Uh... why not just use "full life"?
Wouldn't that make more sense?
 
Because there is no time in which all the sample decays. If the half-life is 1 year, after a year 50% is left. After two years, 25% is less. After three, 12.5%.
 
pallidin said:
Uh... why not just use "full life"?
Wouldn't that make more sense?

you're kidding, right??

the 'full life' does depend on the quantity
 
The half life is the period of time in which there is a 50% chance of a specific atom of the isotope decaying.
 
gmax137 said:
you're kidding, right??

the 'full life' does depend on the quantity

And "half life" does not?
 
mathman said:
By definition, half life is the time it takes for half of the sample to decay. Since the decay of an individual nucleus is independent of the size of the sample, the half life doesn't depend on the size of the sample.

Half of the sample?
What the heck is that?
Why not just use the full sample? As, you said, the result is independent of the size of the sample.

Let's just use half of DNA to convict criminals.
 
pallidin said:
Half of the sample?
What the heck is that?
Why not just use the full sample? As, you said, the result is independent of the size of the sample.

Let's just use half of DNA to convict criminals.
The half-life is the time it takes for 50 g of a 100 g sample to decay. Which is the same time it takes for 500 mg of a 1000 mg sample to decay. Which is the same time it takes for 1 lb of a 2 lb sample to decay.

The time it takes for 100 g of a 100 g sample to decay is theoretically infinite.
 
  • #10
DrGreg said:
The half-life is the time it takes for 50 g of a 100 g sample to decay. Which is the same time it takes for 500 mg of a 1000 mg sample to decay. Which is the same time it takes for 1 lb of a 2 lb sample to decay.

The time it takes for 100 g of a 100 g sample to decay is theoretically infinite.

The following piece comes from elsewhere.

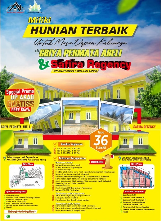 Dengan lokasi yang strategis dan aman dari banjir, serta promo menarik yang ditawarkan, Griya Permata Abeli dan Safira Regency menjadi pilihan tepat bagi keluarga yang menginginkan hunian berkualitas dan nyaman di Kendari. (red/id)
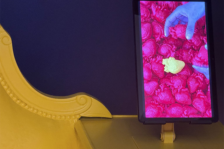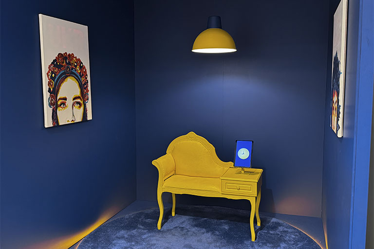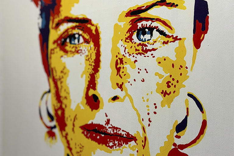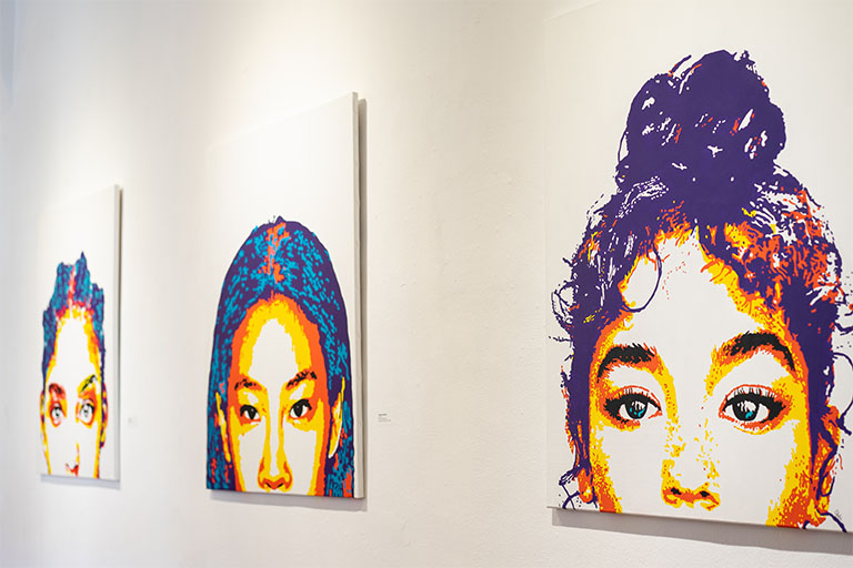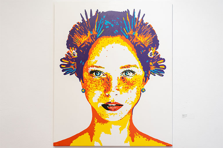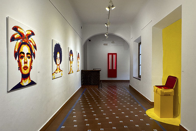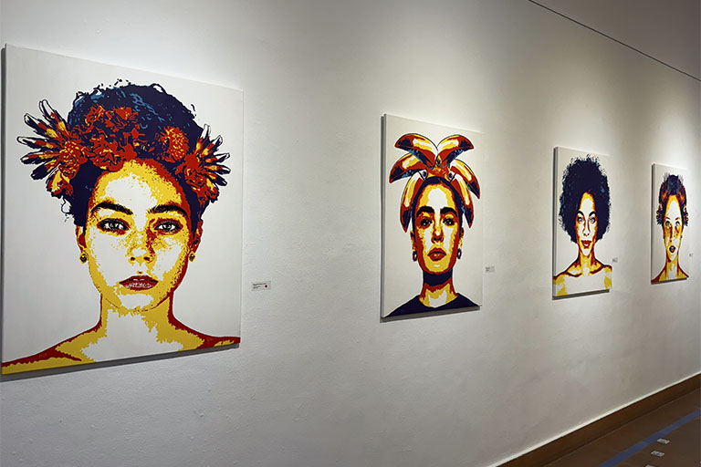 El proceso creativo no se limita a la representación física de las mujeres, sino que implica una cuidadosa selección y composición de imágenes. La artista se sumerge en los testimonios, emociones y recuerdos de cada mujer para dar vida a las protagonistas en los lienzos. La paleta de colores utilizada en estas obras desempeña un papel fundamental en la narrativa visual. El rojo simboliza el valor y la determinación que arde en el corazón de cada mujer, impulsándolas a dejar atrás su tierra natal en busca de un futuro mejor. El amarillo irradia la alegría y la esperanza que encuentran en su viaje, incluso en medio de las adversidades. Estos colores se mezclan con el azul, blanco y violeta en los lienzos, como pinceladas de esperanza y lucha, relatos visuales de historias reales y el profundo anhelo de un nuevo horizonte.

That makes no sense AT ALL.
If half of the product decays in a predicitable manner, yet 100% does not, there is something seriously wrong.
 
  • #11
pallidin said:
That makes no sense AT ALL.
If half of the product decays in a predicitable manner, yet 100% does not, there is something seriously wrong.

Think of it in terms of individual atoms. The half life is the average time it takes for any atom of that element/isotope to have a 50% change of decaying. That means that if you look at every atom of that element that was created at the same time, 50% of all those will have decayed at the half life point.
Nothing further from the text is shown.